**THE DATA:**
....

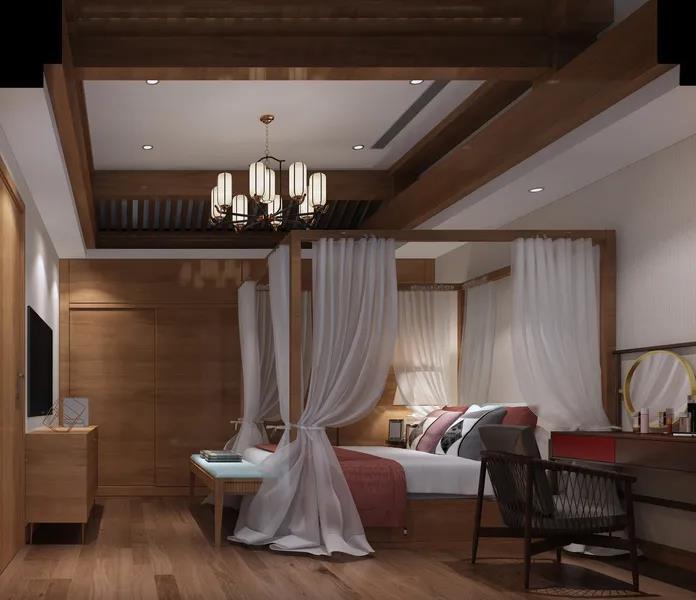 出了中堂,走入右手边的房间,便是卧室了。卧室内设计简约大气,内部搭配有卫生间、洗浴间、中央空调、地暖等现代化智能家居,让我们可以享受到现代化智能的便捷。
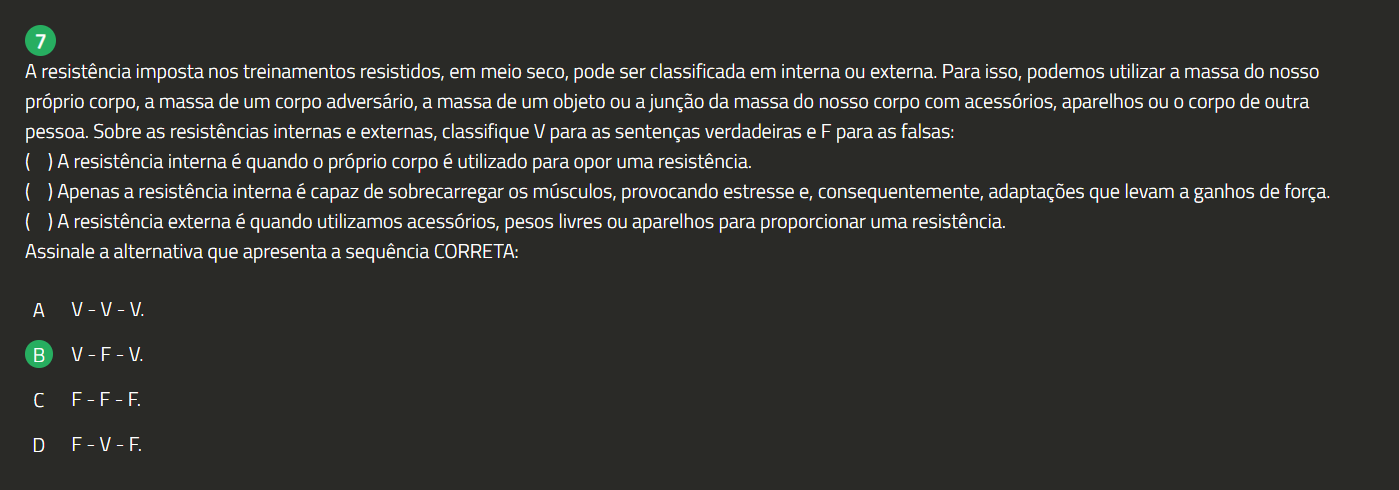 7 A resistência imposta nos treinamentos resistidos, em meio seco, pode ser classificada em interna ou externa. Para isso, podemos utilizar a massa do nosso próprio corpo, a massa de um corpo adversário, a massa de um objeto ou a junção da massa do nosso corpo com acessórios, aparelhos ou 0 corpo de outra pessoa. Sobre as resistências internas e externas, classifique V para as sentenças verdadeiras e F para as falsas: A resistência interna é quando próprio corpo é utilizado para opor uma resistência. ( ) Apenas a resistência interna é capaz de sobrecarregar músculos, provocando estresse e, consequentemente, adaptações que levam a ganhos de força. A resistência externa é quando utilizamos acessórios, pesos livres ou aparelhos para proporcionar uma resistência. Assinale a alternativa que apresenta a sequência CORRETA: A F-F-F. D F-V-F.
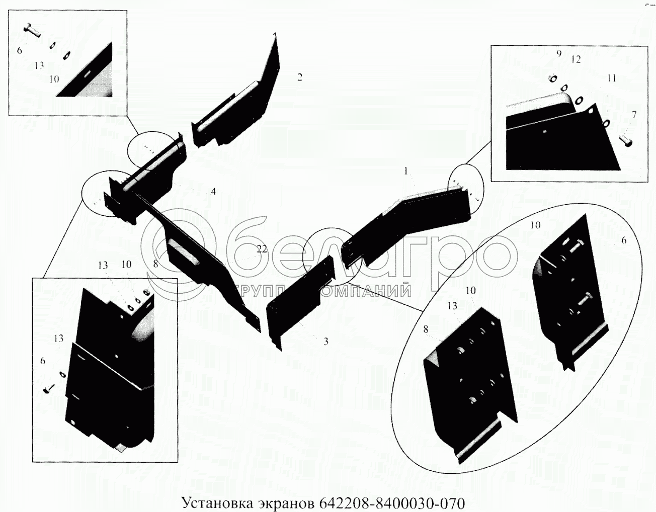 Каталог запасных частей к технике: МАЗ-5516А5. Установка экранов 642708-8400030-070
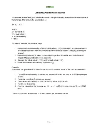 3Use the formula to find acceleration. First write down your equation and all of the given variables. The equation is a = Δv / Δt = (vf - vi)/(tf - ti). Subtract the initial velocity from the final velocity, then divide the result by the time interval. The final result is your average acceleration over that time.
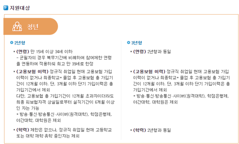 1. 청년: 먼저 청년은 2년형과 3년형으로 나뉘는데, 청년의 경우 만 15세 이상 34세 이하, 중소, 중견기업에 정규직으로 취업한 청년이며, 군필자는 복무기간에 비례해 제한 나이를 적용하되 최고 만 39세까지입니다.
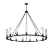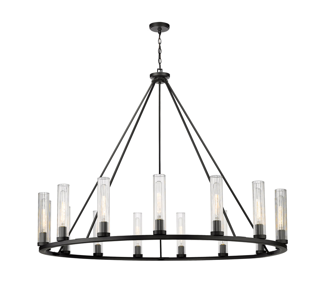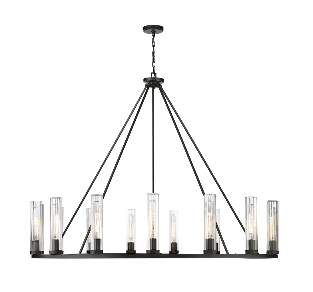 Indulgent castle-inspired vibes bring a delightfully bold look in the Beau fifteen-light chandelier, a captivating choice for highlighting kitchen islands and dining spaces. Transitional in motif, this circular fixture suggests industrial aesthetics with a cool bronze finish steel frame dotted with slender tube shades fashioned of fluted glass.
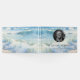 Elegant watercolor celebration of life/memorial/funeral photo guest book featuring a scenic view of rolling waves towards a sandy beach.
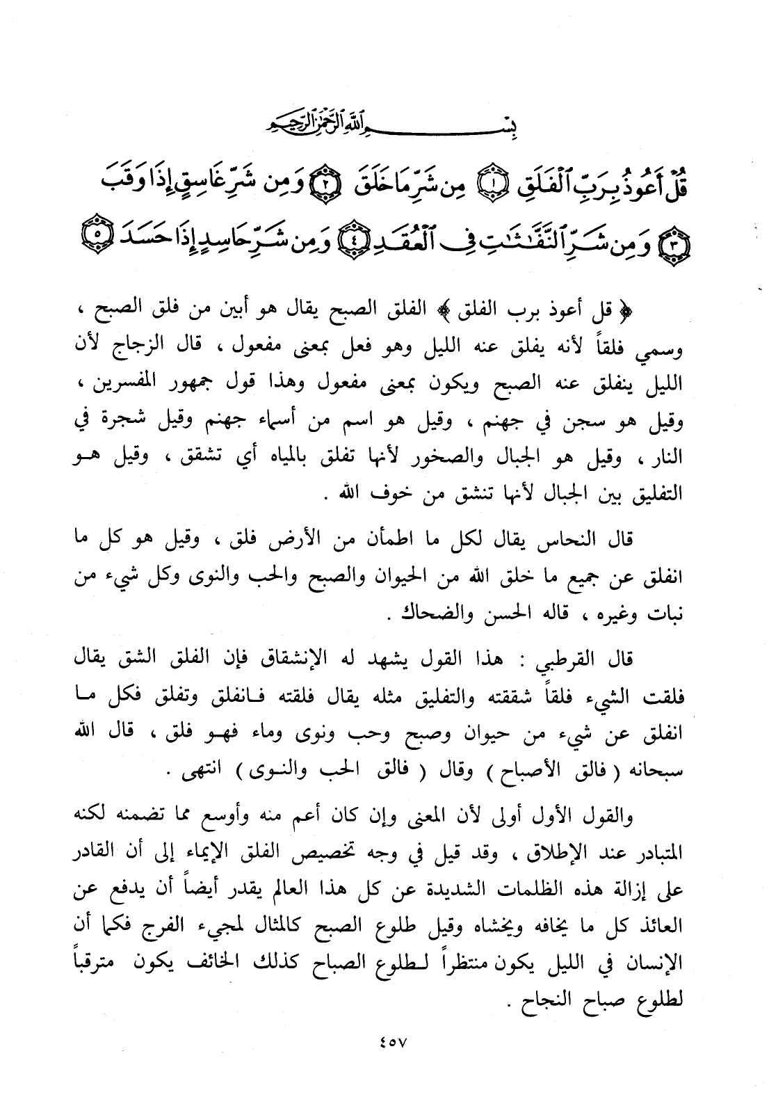 (قُلْ أَعُوذُ بِرَبِّ الْفَلَقِ) الفلق الصبح يقال هو أبين من فلق الصبح، وسمي فلقاً لأنه يفلق عنه الليل وهو فعل بمعنى مفعول، قال الزجاج لأن الليل ينفلق عنه الصبح ويكون بمعنى مفعول وهذا قول جمهور المفسرين، وقيل هو سجن في جهنم، وقيل هو اسم من أسماء جهنم وقيل شجرة في النار، وقيل هو الجبال والصخور لأنها تفلق بالمياه أي تشقق، وقيل هو التفليق بين الجبال لأنها تنشق من خوف الله.
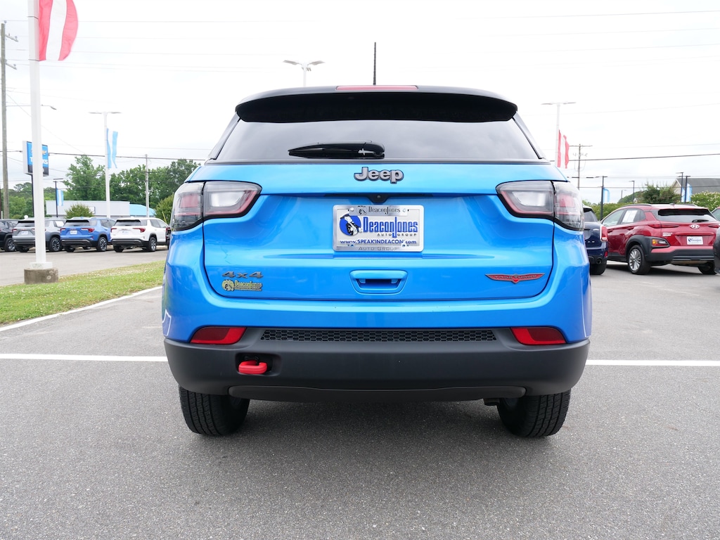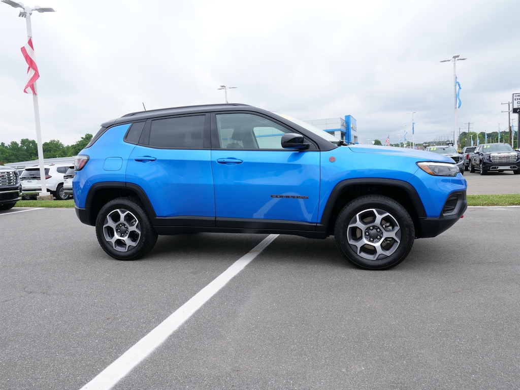 Laser Blue Pearlcoat 2022 Jeep Compass Trailhawk 2.4L I4 9-Speed 948TE Automatic 4WD Quick Order Package 2GE, Trailhawk Elite Group (10.1 Touchscreen Display, 115V Auxiliary Power Outlet, 2nd Row Heated Seats, 2nd Row USB Type A/C Charge Only, 4G LTE Wi-Fi Hot Spot, Alexa Built-In, Cluster 10.25 TFT Color Display, Connected Travel & Traffic Services, Disassociated Touchscreen Display, Driver Seat Memory, Foot Activated Open 'N Go Liftgate, For Details, Visit DriveUconnect.com, For More Info, Call 800-643-2112, Global Telematics Box Module (TBM), GPS Navigation, HD Radio, Heated Front Seats, Integrated Voice Command w/Bluetooth, Leather Wrapped Steering Wheel, LED Low/Highbeam Projector Headlamps, No Satellite Coverage HI/AK/PR/VI/GU, Power 8-Way Adjust Front Passenger Seat, Power Adjust 8-Way Driver Seat, Power Liftgate, Premium Leather Trimmed Bucket Seats, Premium LED Fog Lamps, Premium Taillamps, Radio: Uconnect 5 Nav w/10.1 Display, Remote Start System, Reversible Carpet/Vinyl Cargo Mat, SiriusXM Guardian - Included Trial (B), SiriusXM Radio Service, SiriusXM Satellite Radio, SiriusXM w/360L, Vehicle Information Center, Ventilated Front Seats, and Windshield Wiper De-Icer), 4WD, 4-Wheel Disc Brakes, 4.334 Axle Ratio, 6 Speakers, ABS brakes, Air Conditioning, Alloy wheels, AM/FM radio: SiriusXM, Anti-whiplash front head restraints, Auto High-beam Headlights, Auto-dimming Rear-View mirror, Automatic temperature control, Brake assist, Bumpers: body-color, Compass, Delay-off headlights, Driver door bin, Driver vanity mirror, Dual front impact airbags, Dual front side impact airbags, Electronic Stability Control, Emergency communication system: SiriusXM Guardian, Four wheel independent suspension, Front anti-roll bar, Front Bucket Seats, Front Center Armrest w/Storage, Front dual zone A/C, Front fog lights, Front reading lights, Fully automatic headlights, Heated door mirrors, Illuminated entry, Knee airbag, Leather Shift Knob, Low tire pressure warning, Occupant sensing airbag, Outside temperature display, Overhead airbag, Overhead console, Panic alarm, ParkView Rear Back-Up Camera, Passenger door bin, Passenger vanity mirror, Power door mirrors, Power steering, Power windows, Premium Cloth/Leather Trim Bucket Seats, Radio: Uconnect 5 w/10.1 Display, Rain sensing wipers, Rear anti-roll bar, Rear seat center armrest, Rear window defroster, Rear window wiper, Remote keyless entry, Roof rack: rails only, Security system, Speed control, Split folding rear seat, Spoiler, Steering wheel mounted audio controls, Tachometer, Telescoping steering wheel, Tilt steering wheel, Traction control, Trip computer, Turn signal indicator mirrors, Variably intermittent wipers, and Wheels: 17 x 6.5 Painted Diamond Cut AluminuM.
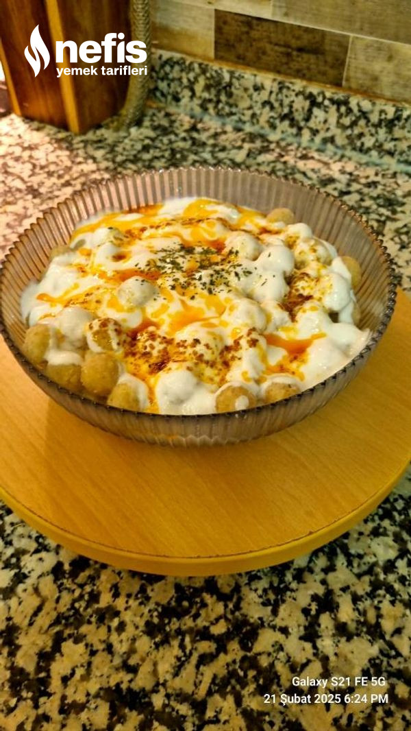 - Daha sonra servis tabağına alıp üzerine sarımsaklı yogurdu döküyoruz.

....

**EXERCISE DETAILS:**
From the data above, return exactly the lines from the one with "7 A resistência" up to and including the one with "1. 청년: 먼저 청년은". Pictures do not go in the copy.

**RESPONSE BELOW:**
 7 A resistência imposta nos treinamentos resistidos, em meio seco, pode ser classificada em interna ou externa. Para isso, podemos utilizar a massa do nosso próprio corpo, a massa de um corpo adversário, a massa de um objeto ou a junção da massa do nosso corpo com acessórios, aparelhos ou 0 corpo de outra pessoa. Sobre as resistências internas e externas, classifique V para as sentenças verdadeiras e F para as falsas: A resistência interna é quando próprio corpo é utilizado para opor uma resistência. ( ) Apenas a resistência interna é capaz de sobrecarregar músculos, provocando estresse e, consequentemente, adaptações que levam a ganhos de força. A resistência externa é quando utilizamos acessórios, pesos livres ou aparelhos para proporcionar uma resistência. Assinale a alternativa que apresenta a sequência CORRETA: A F-F-F. D F-V-F.
 Каталог запасных частей к технике: МАЗ-5516А5. Установка экранов 642708-8400030-070
 3Use the formula to find acceleration. First write down your equation and all of the given variables. The equation is a = Δv / Δt = (vf - vi)/(tf - ti). Subtract the initial velocity from the final velocity, then divide the result by the time interval. The final result is your average acceleration over that time.
 1. 청년: 먼저 청년은 2년형과 3년형으로 나뉘는데, 청년의 경우 만 15세 이상 34세 이하, 중소, 중견기업에 정규직으로 취업한 청년이며, 군필자는 복무기간에 비례해 제한 나이를 적용하되 최고 만 39세까지입니다.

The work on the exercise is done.